* [Prompt] The entire listing, reproduced exactly and stripped of images, is the expected output.

··· Information supplied ···

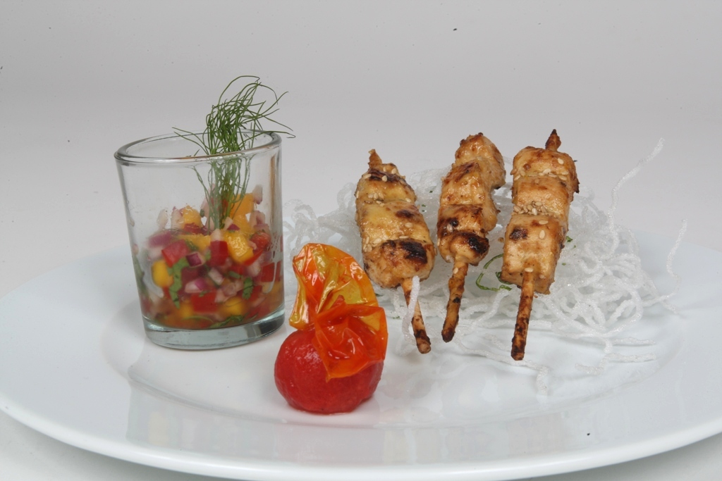 Brochetas de pollo, mango manzano
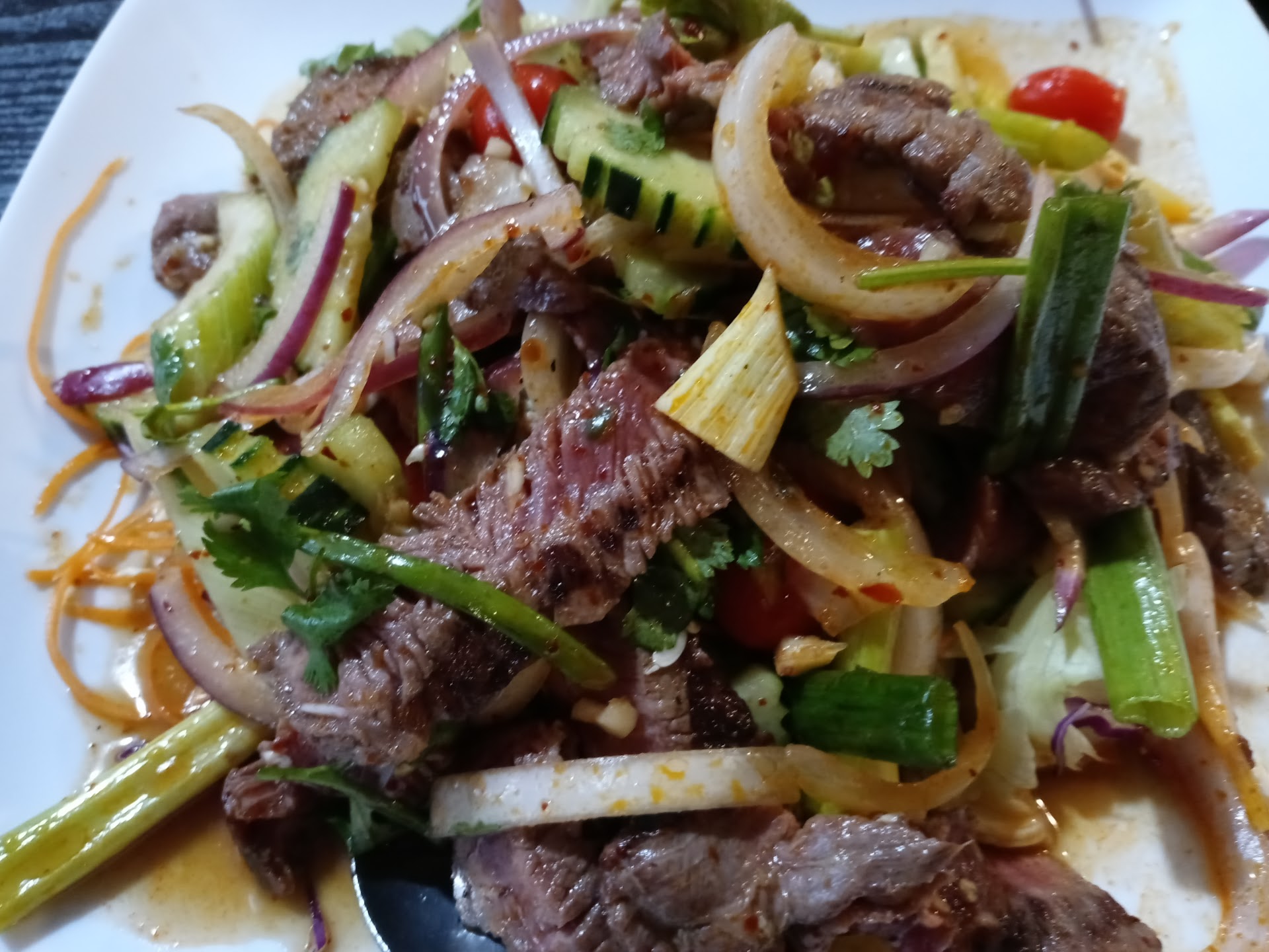 Read moreThe food here is super fresh an delicious I order mild cause it can be pretty spicy. We Love! their Spicy beef salad it has plenty of steak,romaine lettuce,red onion, cilantro, tomatoe, cucumber etc. The chicken/ beef satay with sweet an spicy peanut dipping sauce is really tender and tasty. You get a small side of cucumber relish which my David usually claims..lol. it comes with the order. Do try the beef,chicken, an shrimp rice so good an plenty to take home for lunch the next day. This place is a hidden Gem in a little spot next to a old liquor store but it is really worth trying enjoy David an Helen...
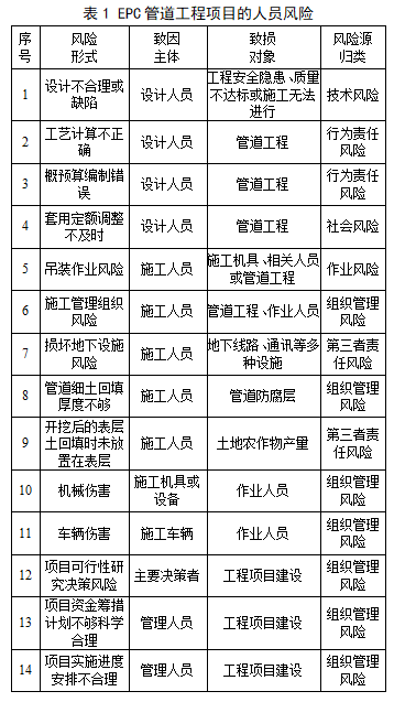 EPC管道工程項(xiàng)目涉及多方相關(guān)人員,除了數(shù)量占比較高的施工人員外,還包括工程設(shè)計(jì)人員、監(jiān)理人員及承包商管理人員等,各類(lèi)人員帶來(lái)或面臨的風(fēng)險(xiǎn)不盡相同,如表1所示。
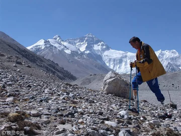 وعلى مدى السنوات الأربعين الماضية، أطلق أربعة تحديات للوصول إلى قمة 8848 مترا، لكن لم ينجح حتى الآن. فقد ساقيه في السن الـ24 سنة.

···

* [Solution to the problem]
 Brochetas de pollo, mango manzano
 Read moreThe food here is super fresh an delicious I order mild cause it can be pretty spicy. We Love! their Spicy beef salad it has plenty of steak,romaine lettuce,red onion, cilantro, tomatoe, cucumber etc. The chicken/ beef satay with sweet an spicy peanut dipping sauce is really tender and tasty. You get a small side of cucumber relish which my David usually claims..lol. it comes with the order. Do try the beef,chicken, an shrimp rice so good an plenty to take home for lunch the next day. This place is a hidden Gem in a little spot next to a old liquor store but it is really worth trying enjoy David an Helen...
 EPC管道工程項(xiàng)目涉及多方相關(guān)人員,除了數(shù)量占比較高的施工人員外,還包括工程設(shè)計(jì)人員、監(jiān)理人員及承包商管理人員等,各類(lèi)人員帶來(lái)或面臨的風(fēng)險(xiǎn)不盡相同,如表1所示。
 وعلى مدى السنوات الأربعين الماضية، أطلق أربعة تحديات للوصول إلى قمة 8848 مترا، لكن لم ينجح حتى الآن. فقد ساقيه في السن الـ24 سنة.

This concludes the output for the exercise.